Ignoring these and other anomalies, the final part of On Politics moves to explain and justify the continuing relevance of liberalism in the face of many novel 21st-century challenges. It’s the least convincing part of the book. Ryan tries hard to blow the liberal trumpet of openness, equality and individuality, but the sounds are strained. He grows lugubrious. “Only the slow implementation of better governance by weeding out corruption and ignorance will save us, if anything can,” he writes, typically, as if to confirm the old adage that when under pressure broad-minded liberalism is too feathery to stand its own ground.

Ryan says not a word about the present economic crisis or what it teaches us about the dangers to democracy of bubble-prone markets. He’s instead cheered by the improbability of “major wars”, vexed by the dilemmas of “humanitarian intervention”, but weighed down by a long list of political dangers. “Globalisation”, “failed states” and “terrifyingly uninformed” opinions circulated by mass media are among his concerns. So, too, are “sectarian strife”, “old-fashioned nationalism” and our limited “ability to govern a shrinking world”.

Who will read this thousand-page defence of liberal democracy? Busy young people will probably not find it attractive, especially those with a healthy sense of fast-changing realities, a democratic attachment to new social media and a strong sense of disaffection with parliamentary politics. With jobless figures high and rising within their ranks (30 per cent in Italy, 50 per cent in Spain, 5.5m in the European Union alone), many young citizens now feel excluded from the democratic game. Their cynicism flourishes. Dropping out is their new norm.

Who can blame them?
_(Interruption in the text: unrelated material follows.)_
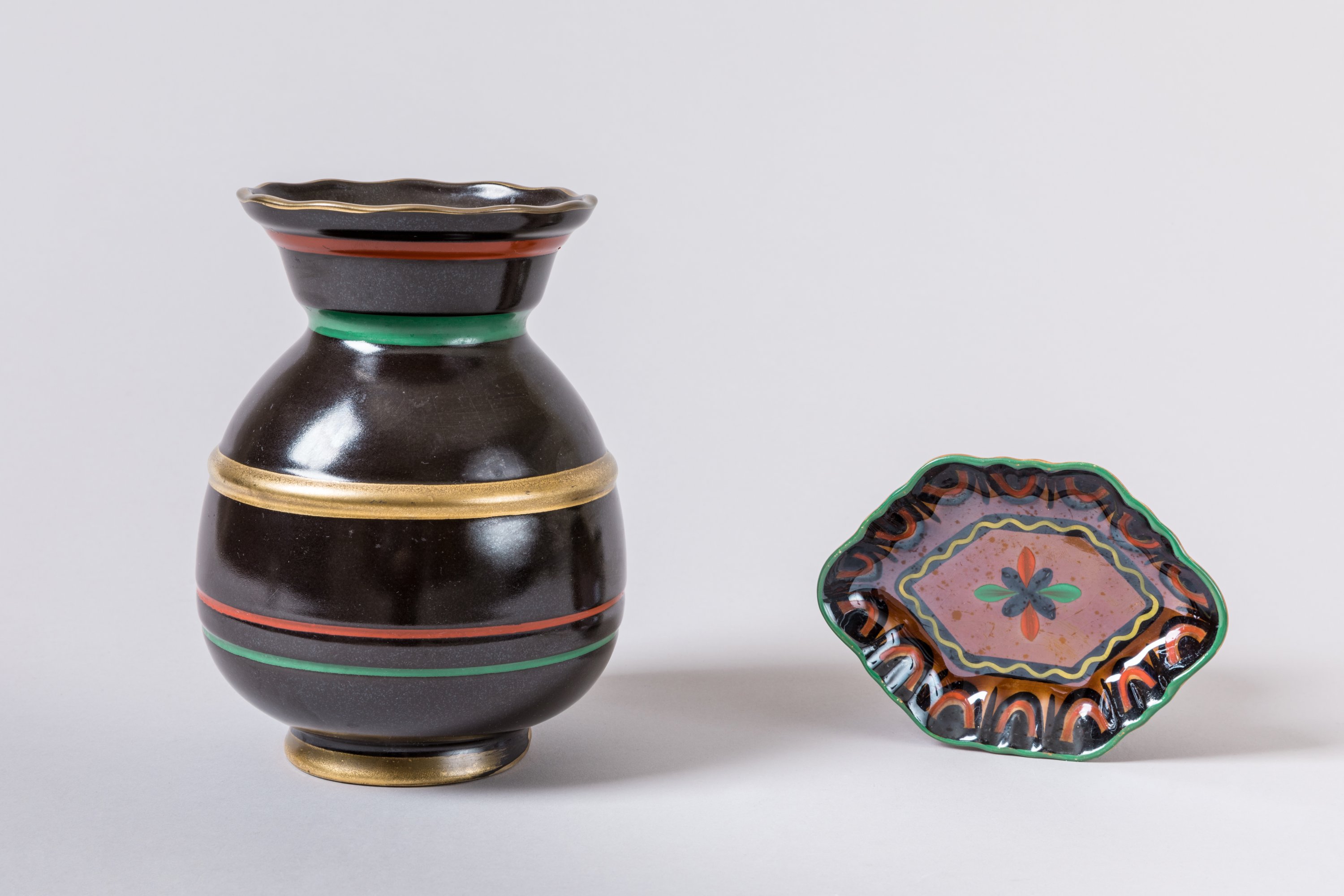 en céramique émaillée à fond noir et bandes rouges et vertes sur fond noir et rehauts d'or.

Young citizens see few intelligent political leaders who speak their language, actively represent their interests and work for equitable political change. For many, “liberal democracy” is phantom democracy, a game played by rich and powerful men trading in broken promises. They see that Big Money and Big Lobbying disproportionately win votes, and that the rhythms of parliamentary government are out of whack with environmental catastrophes such as Bhopal, Deepwater Horizon and Fukushima. Parliamentary democracy seems reactive, dragged down by its inability to address large domestic and cross-border issues. Especially worrying, many young people say, is the growing resort to executive rule. From drones and nuclear weapons to imposed fiscal austerity and environmental policy, decisions of basic importance to the lives of millions of people are being decided (or blocked) arbitrarily, behind closed doors, often in remote cross-border settings.

Is it possible that these youthful complaints are early warning signals, sirens sounding worse things to come? Are we perhaps entering times comparable to the great crisis that brought democracy to its knees during the 1920s and 1930s? Nobody knows. “Human beings are historical creatures, moved by reminiscence as much as by hopes for a far future”, Ryan writes – but what exactly this rule means in our times remains unclear: “All we know is that what happens will come as a surprise.”

What we do know from the history of democracy is that bold new political thinking never comes easily in periods of crisis. Political drift and mental confusion often get the upper hand – which is why, in a wonderfully curious way, this long, learned but strangely antiquarian book is so important. Yes, it’s too tame, too bound up with western presumptions and too blinded by its own liberal precepts. But we should thank Ryan for reminding us that in this crisis political thinking really matters, that the new dangers to democracy cannot be undone without the help of political thinkers who strive to jump over their own shadows, who seek fresh ways of spelling out visionary alternatives to the public, with a strong sense of urgency, backed by premonitions of what might happen if democracy were to be hollowed out, emptied of meaning, turned into something useless or perhaps even dangerous.